Let $p$ be a prime and define $f(x),g(x) \in \mathbb{Z}_p[x]$ by $f(x) = x^{p-1} - 1$ and $g(x) = (x-1)(x-2) \cdots (x-(p-1))$.
Prove that $f(x) = g(x)$. Hint: what is the degree of $f(x) - g(x)$, and how many zeroes does it have?
Use part a to prove that $(p-1)! \equiv -1 \pmod{p}$. Hint: if you are having a problem with signs, remember that most primes are odd.
Prove the converse: if $(n-1)! \equiv -1 \pmod{n}$ then $n$ is prime.
Let $K$ be a field, let $\alpha_1,\ldots,\alpha_n$ be distinct elements of $K$, and let $\beta_1,\ldots,\beta_n$ be elements of $K$ (not necessarily distinct.)

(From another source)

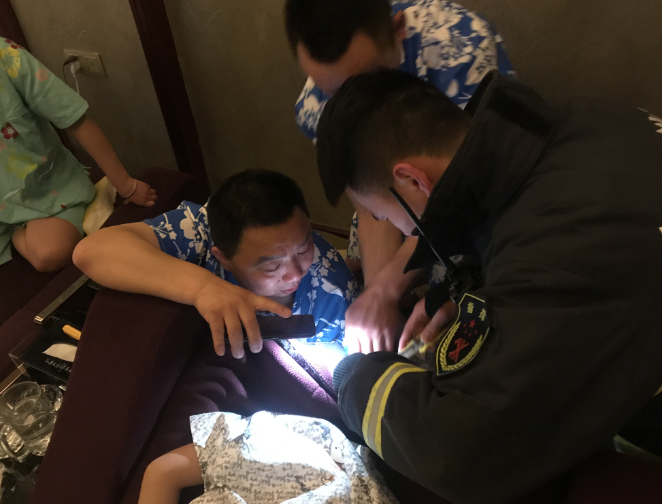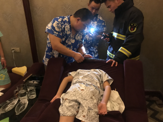 2月15日凌晨,湖北襄阳市东风路一汗蒸会所三楼休息包间内,一熊孩子贪玩,将头钻进木质的躺卧沙发洞里被卡住出不来,店内工作人员和孩子父母在尝试多种方法自救无果后报警求助消防。

For every $i \in \{1,\ldots,n\}$, find a polynomial $f_i(x) \in K[x]$ such that $\deg f_i(x) = n-1$ and $$f_i(\alpha_j) = \begin{cases} 1 & \text{if }i = j\\ 0 & \text{if }i \ne j. \end{cases}$$ Hint: for a first attempt, do not worry about the case $i = j$.
Find a polynomial $f(x) \in K[x]$ such that $\deg f(x) = n-1$ and $f(\alpha_i) = \beta_i$ for all $i \in \{1,\ldots,n\}$.
A correction: this part should say "$\deg f(x) \le n-1$" instead of "$\deg f(x) = n-1$".
Now suppose that $K$ is $\mathbb{Z}$ instead of a field. Find an example of $\alpha_1,\ldots,\alpha_n$ and $\beta_1,\ldots,\beta_n$ for which there is no polynomial $f(x)$ as in part b.
There are only two problems this week.